▶ **PROMPT**: Up to and including the line that contains "Convenient Design: The", repeat the entries below exactly from the first line on. Do not carry over any pictures.

▶ **AVAILABLE RECORDS**:
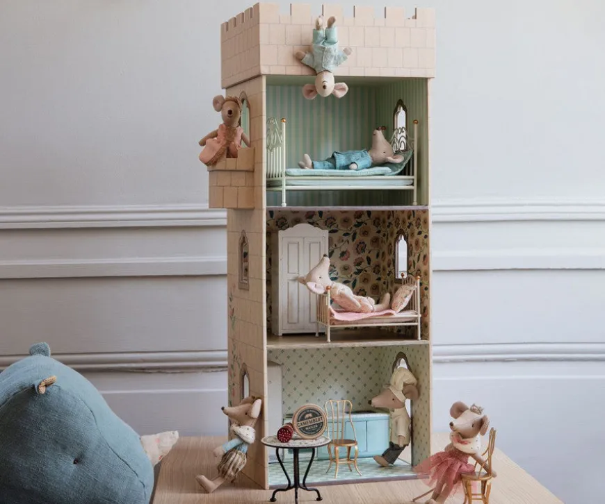 Introducing Our Gorgeous Mouse Castle With Kitchen! Made With Strong Cardboard And Designed With Special Maileg Prints, This Castle Is Perfect For Playtime. Explore The Ground Floor Kitchen And The Charming Balcony On The Third Floor. While It’s Designed For Big Brother And Sister Mice, The Little Ones Can Also Join In The Fun. Get Ready For Exciting Adventures And Let The Storytelling Unfold In This Incredible Castle! See Furniture To Add Here.
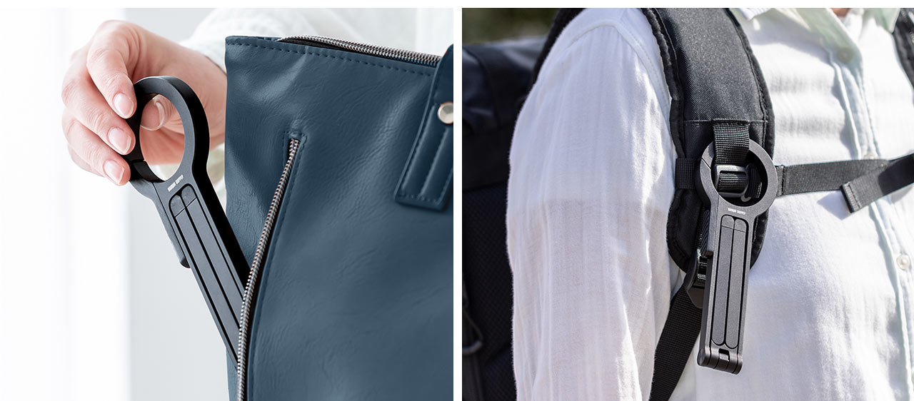 ●カラビナ形状のリングでカバンなどに取り付けできるので、持ち運びに便利です。
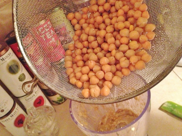 Next, I rinsed the can of garbonzo beans well and added them and blended and scrapped and blended away! I discovered my little blender could not handle it well without some water added, so I added about a 1/4 cup of water and blended some more.
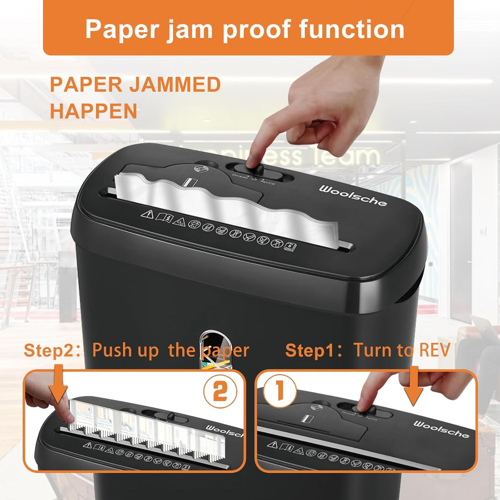 Convenient Design: The shredder offers a 5-minute non-stop shredding capability, and in case of overload, it has an auto start overheating protection function with a 30-minute cooling time. It also features a 3-mode control switch (Auto, Off, Reverse), with the reverse mode helping to release any jammed paper.
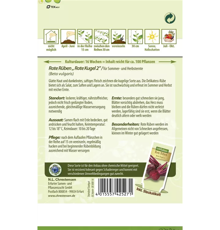 Die Rote Beete 'Rote Kugel 2' (Beta vulgaris) bildet Knollen, die pikant schmecken und bereits von August bis November geerntet werden können. Für das optimale Wachstum der Rote Beete 'Rote Kugel 2' werden ein sonniger Standort und durchlässiger, nährstoffreicher Boden benötigt.
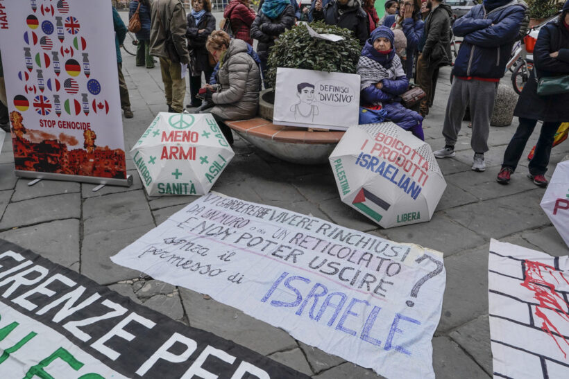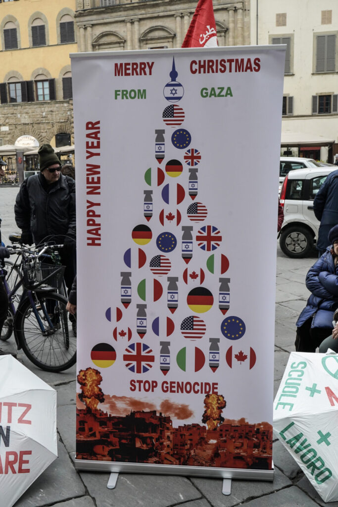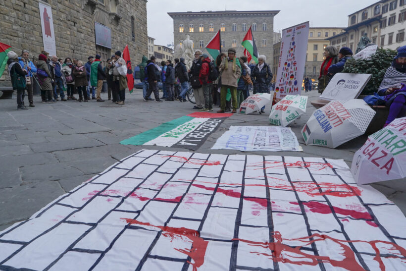 Per questo motivo oggi pomeriggio Firenze per la Palestina, Usb, Sanitari per Gaza e il vario associazionismo pro Pal hanno indetto un presidio davanti a Palazzo Vecchio in occasione del Consiglio Comunale.

▶ **RESPONSE**:
 Introducing Our Gorgeous Mouse Castle With Kitchen! Made With Strong Cardboard And Designed With Special Maileg Prints, This Castle Is Perfect For Playtime. Explore The Ground Floor Kitchen And The Charming Balcony On The Third Floor. While It’s Designed For Big Brother And Sister Mice, The Little Ones Can Also Join In The Fun. Get Ready For Exciting Adventures And Let The Storytelling Unfold In This Incredible Castle! See Furniture To Add Here.
 ●カラビナ形状のリングでカバンなどに取り付けできるので、持ち運びに便利です。
 Next, I rinsed the can of garbonzo beans well and added them and blended and scrapped and blended away! I discovered my little blender could not handle it well without some water added, so I added about a 1/4 cup of water and blended some more.
 Convenient Design: The shredder offers a 5-minute non-stop shredding capability, and in case of overload, it has an auto start overheating protection function with a 30-minute cooling time. It also features a 3-mode control switch (Auto, Off, Reverse), with the reverse mode helping to release any jammed paper.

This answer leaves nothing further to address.